### Work task
Everything in the data gets repeated exactly, except for the pictures.

### Exercise data
BEGIN
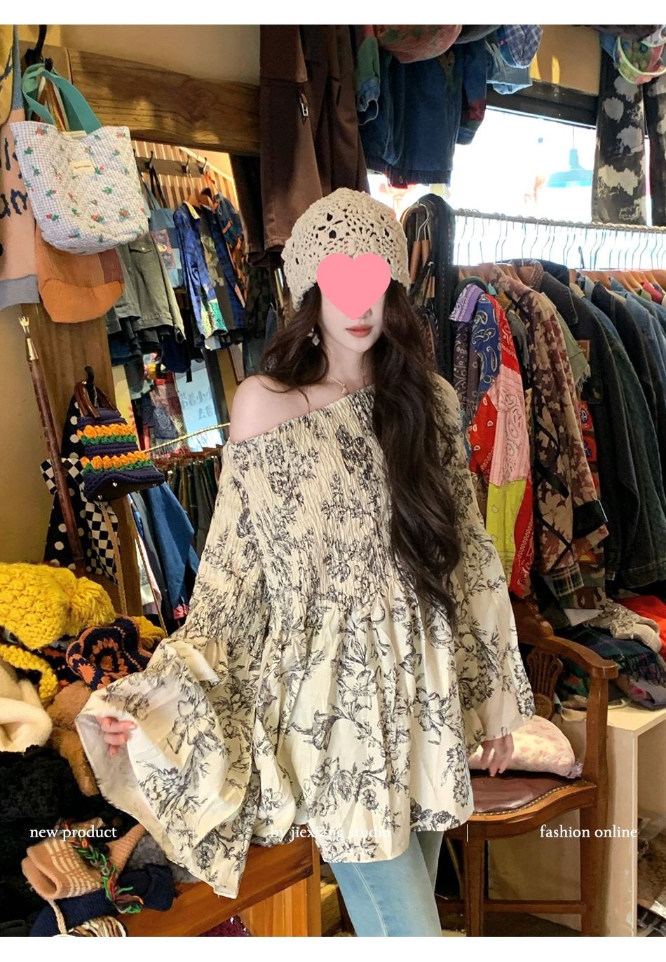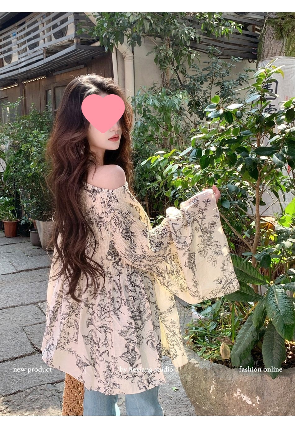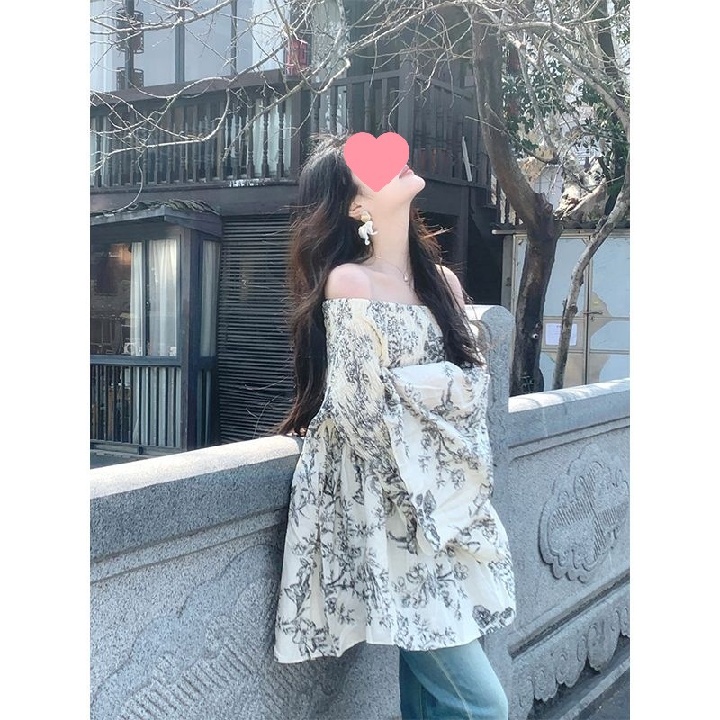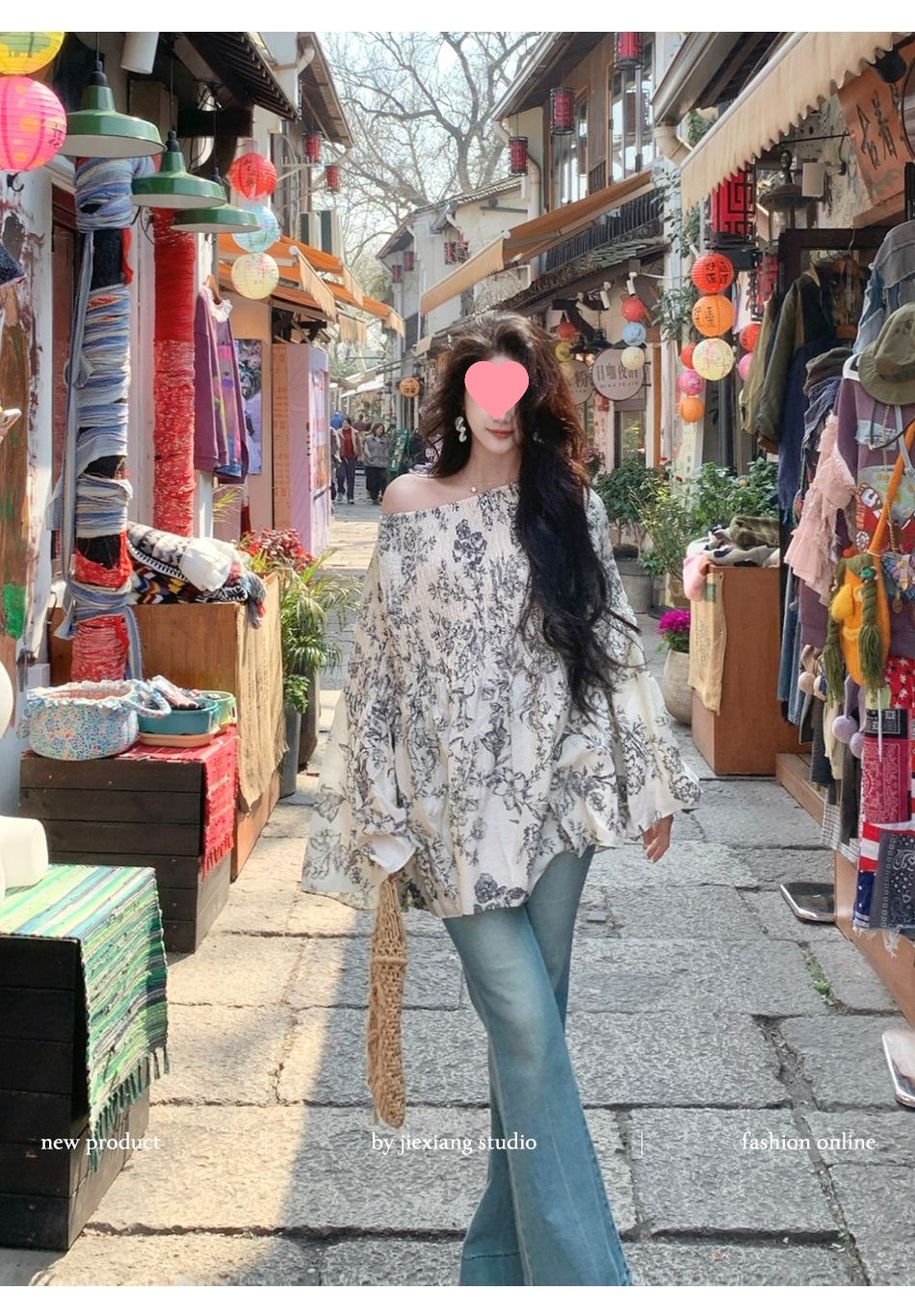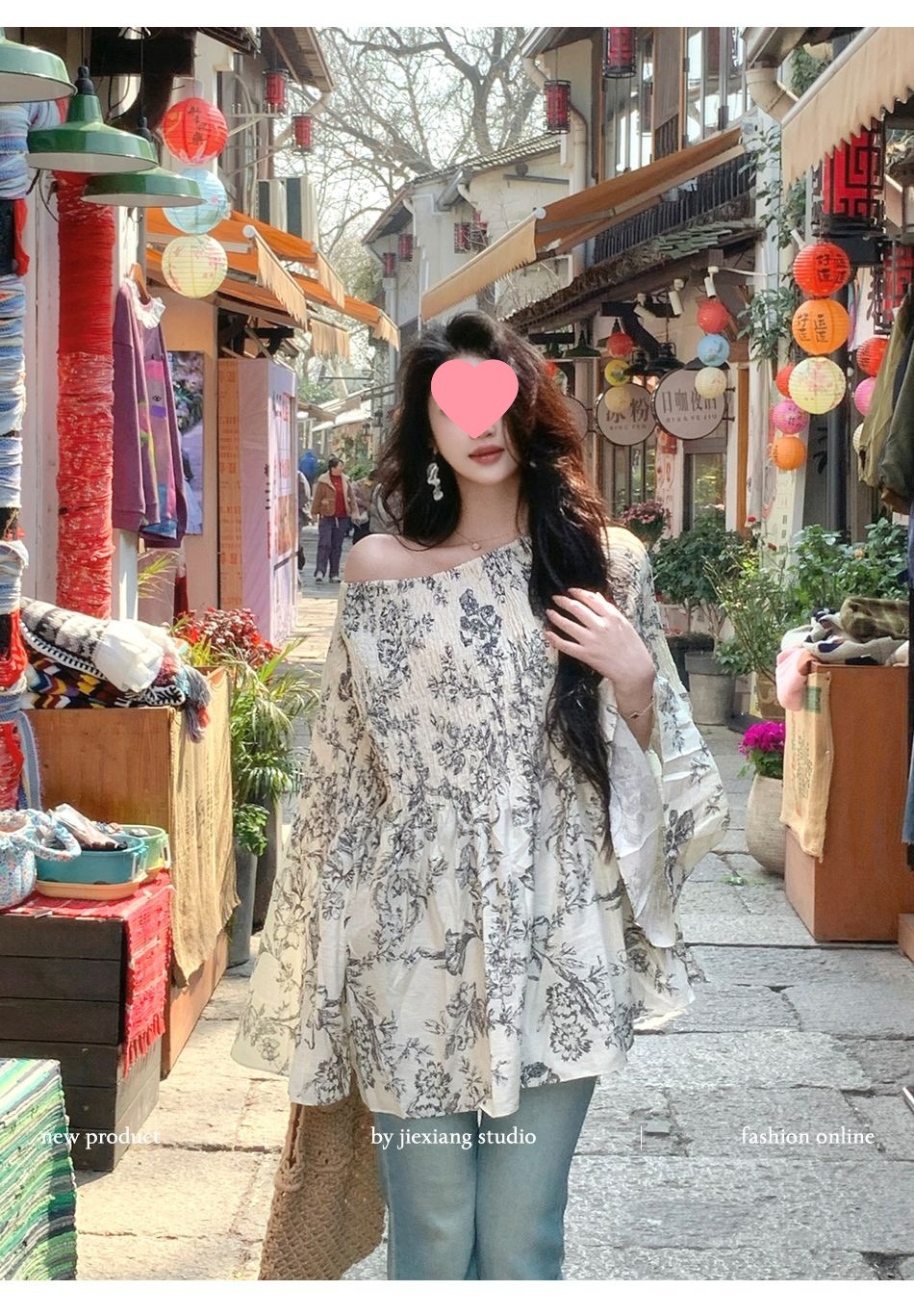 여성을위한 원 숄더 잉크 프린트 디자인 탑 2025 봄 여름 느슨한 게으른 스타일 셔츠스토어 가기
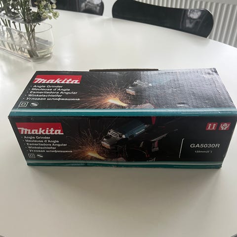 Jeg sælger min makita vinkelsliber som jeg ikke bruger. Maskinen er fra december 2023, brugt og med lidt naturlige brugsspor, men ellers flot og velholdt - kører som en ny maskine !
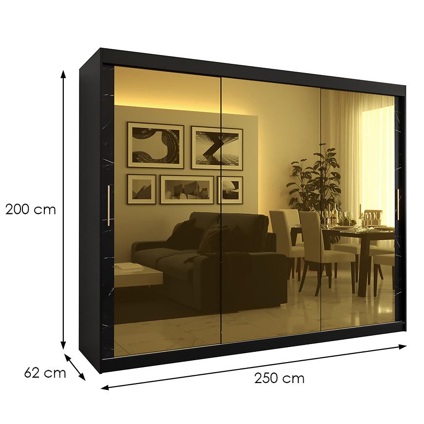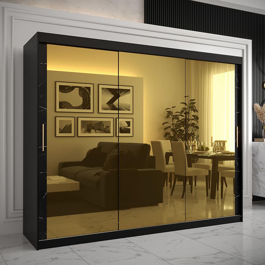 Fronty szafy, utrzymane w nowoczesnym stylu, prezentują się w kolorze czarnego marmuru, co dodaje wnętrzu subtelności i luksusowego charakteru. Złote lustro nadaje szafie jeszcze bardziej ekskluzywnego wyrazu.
END
### Final answer
 여성을위한 원 숄더 잉크 프린트 디자인 탑 2025 봄 여름 느슨한 게으른 스타일 셔츠스토어 가기
 Jeg sælger min makita vinkelsliber som jeg ikke bruger. Maskinen er fra december 2023, brugt og med lidt naturlige brugsspor, men ellers flot og velholdt - kører som en ny maskine !
 Fronty szafy, utrzymane w nowoczesnym stylu, prezentują się w kolorze czarnego marmuru, co dodaje wnętrzu subtelności i luksusowego charakteru. Złote lustro nadaje szafie jeszcze bardziej ekskluzywnego wyrazu.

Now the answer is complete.